Haggard's successor, Brady Boyd, said the church reached a six-figure settlement with the man, who was in his early 20s at the time. According to the man, the contact was "not consensual". Later reports were that the relationship did not involve physical contact, but that on one occasion Haggard masturbated in front of the young man. The man, Grant Haas, added that New Life Church paid him $179,000 for counseling and college tuition.

Haggard acknowledged an inappropriate relationship with Haas on CNN and in other media; when asked whether he had had other, unreported gay relationships, Haggard did not give a direct answer.

On July 26, 2022, Religion News Service published an article on new allegations against Haggard, stating
 "The most recent allegations were made by Kirk 'Seth' Sethman, who was ordained as a minister by St. James Church in 2012. Sethman recorded the statements of two young adult men who said Haggard touched them inappropriately on several occasions at the church. One of them was a minor at the time the touching began in 2019. Sethman said he first approached church elders with allegations about Haggard in 2020."

==Period between church leadership positions==
In April 2007, the Haggard family moved to Phoenix, Arizona, to start a restoration process. They attended Phoenix First Assembly of God Church, whose pastor, Tommy Barnett, was on Haggard's counseling team. Haggard reached an agreement with New Life Church on a severance package that would pay him through 2007; one of the conditions was that he had to leave the Colorado Springs area. His last reported income was $138,000, not including benefits. On February 6, 2008, the new pastor at New Life Church issued a press release announcing that Haggard had requested to leave the team created to "restore" him and that as Haggard's restoration was "incomplete," he was not welcome to return to vocational ministry at New Life.

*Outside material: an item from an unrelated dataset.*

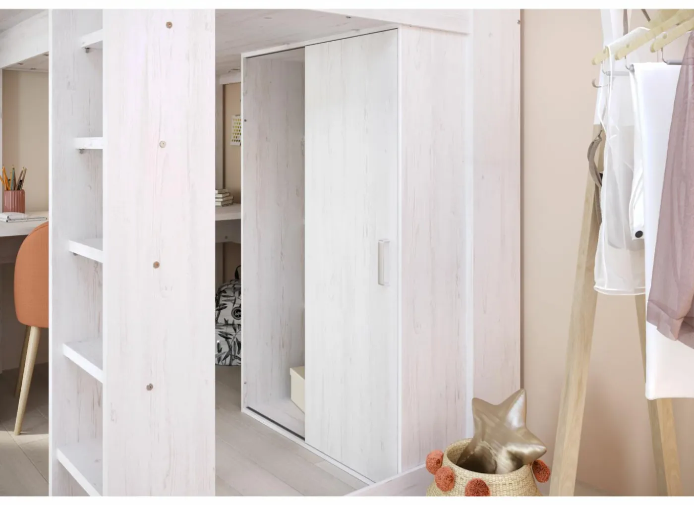 Het royale bureaublad heeft een afmeting van 133×67 cm. Achter de trap een kledingkast met 1 schuifdeur en 2 vakken, één van 130 cm hoog, 47 cm breed en 50 cm diep met een kledingroede, het andere vak heeft 3 legplanken.
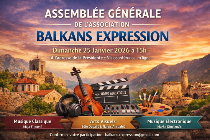Le Conseil d’administration de l’Association Balkans Expression a le plaisir de vous convoquer à notre Assemblée Générale qui se tiendra le :

In August 2007, Haggard released a statement asking for monetary donations to help support his family while he and his wife attended classes at the University of Phoenix. Questions surfaced about the tax-exempt group "Families With a Mission" to which Haggard had urged people to contribute. According to Haggard, the group would use 10% of donations for administrative costs and forward 90% to Haggard; however, the group was dissolved in February 2007, according to the Colorado Secretary of State. A few days after Haggard's initial email statement, his restoration team stepped in to say his statement was "inappropriate" and that "Haggard was a little ahead of himself." They indicated that Haggard would not be working at the Dream Center or in ministry of any kind and that they advised Haggard to seek secular employment to support himself and his family.

In June 2008, with the severance deal of the New Life Church at an end, Haggard was "free to live where he wanted" and returned to his Colorado Springs home. Also in June, an email surfaced in which Haggard admitted masturbating with Jones and taking drugs, as alleged in 2006. Kurt Serpe, who provided the email, said Haggard "craved sex, he was a sexaholic." In November 2008, Haggard said in guest sermons at an Illinois church that his actions had roots in sexual abuse by an adult when he was seven years old. He also agreed to appear in Alexandra Pelosi's HBO documentary about his sex scandal titled The Trials of Ted Haggard, that premiered on HBO in January 2009. According to the documentary, Haggard had begun a new career selling insurance.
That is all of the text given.